Field
The present disclosure relates to graph analytics. More specifically, this disclosure relates to a method and system for pruning graph representation for facilitating efficient processing of graph data.
Related Art
The exponential growth of computing power has made it possible to extract information of interest, such as shopping preferences and/or recommendations, social media activities, medical referrals, and e-mail traffic patterns, using efficient data analysis. Such data analysis requirements have brought with them an increasing demand for efficient computation. As a result, equipment vendors race to build larger and faster computing devices with versatile capabilities, such as graph analysis, to calculate information of interest efficiently. However, the computing capability of a computing device cannot grow infinitely. It is limited by physical space, power consumption, and design complexity, to name a few factors. Furthermore, computing devices with higher capability are usually more complex and expensive. More importantly, because an overly large and complex computing device often does not provide economy of scale, simply increasing the capability of a computing device may prove economically unviable.
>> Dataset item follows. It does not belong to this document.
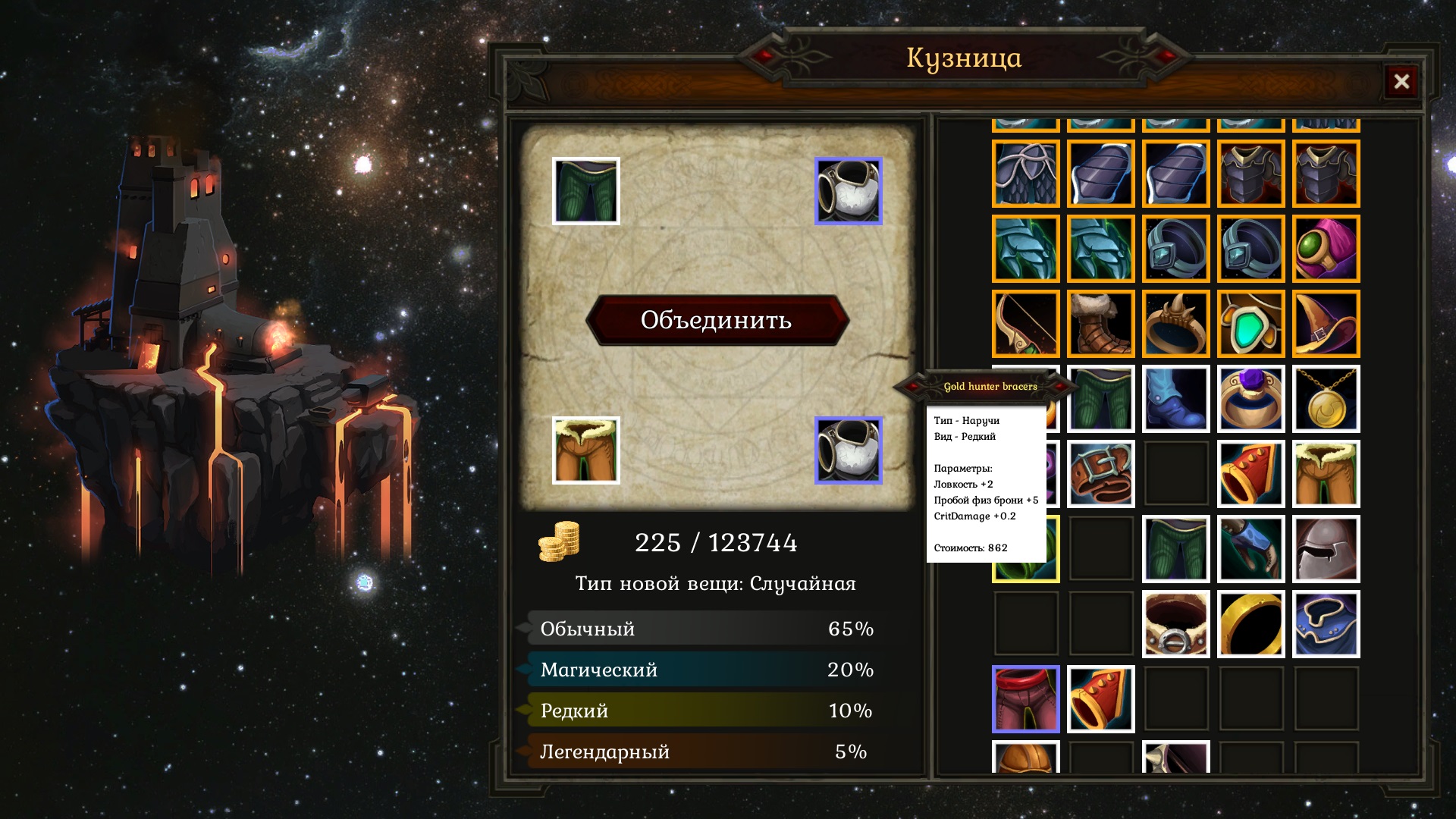 • Сотни вещей (обычные, магические, редкие, легендарные, сетовые), выбей их из монстров или создай в кузнице!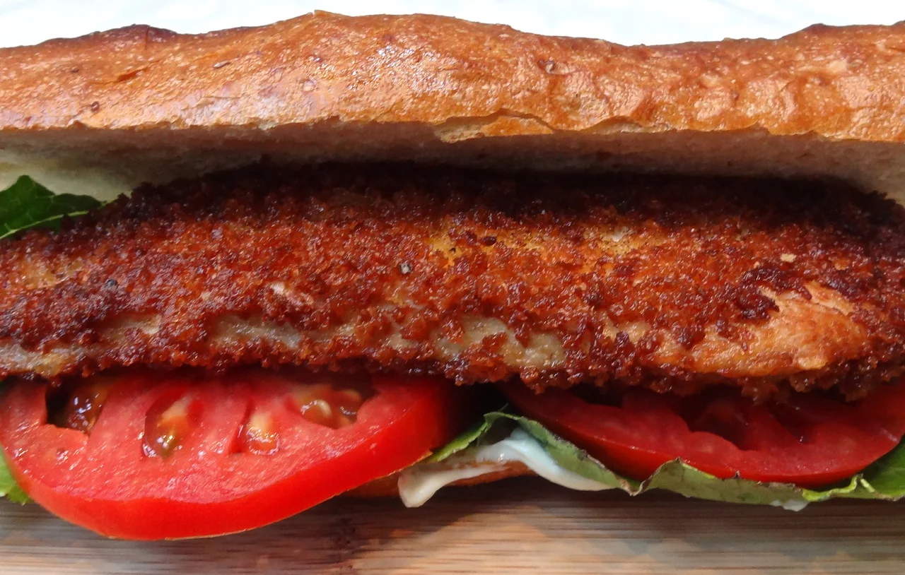 Beat the egg in a shallow pan or dish. Place the panko on a second dish. Add some salt, pepper, paprika and garlic powder to the panko and mix to distribute the spices. Immerse the chicken one piece at a time in the egg and turn to coat both sides. Then coat the chicken with the seasoned panko. Heat about 1/4-inch vegetable oil in a large saute pan over medium heat. Fry the filets — two at time if necessary to leave room in the pan between pieces. Cook the filets for 2-3 minutes per side or until crisped and cooked through. Drain on paper towels. Cut a baguette into four chunks. Slather with equal amounts of mayonnaise. Add lettuce and tomato slices, top with a chicken filet.

One way to meet this challenge is to increase the efficiency of data analysis tools used for extracting information of interest from a large data set. Hipergraph is a high-performance graph analytics engine that performs very fast queries on graph data. Graph data is data that can be easily represented by a graph. A graph is a set of vertices with edges that connect them. Hipergraph requires the input to be in a very specific format, but formatting many real-world graph datasets is non-trivial because the formatting operations exceed the typical memory and disk capacities of a single machine.
In one approach, one can perform automated compilation and formatting of data using scripts and UNIX utilities. This approach works relatively well when the inputs and output files and intermediary computation fit on a modern workstation. However, when the input graph dataset is on the order of several hundred gigabytes, one cannot even sort the data on a standard machine because of the time, disk space, and memory space required.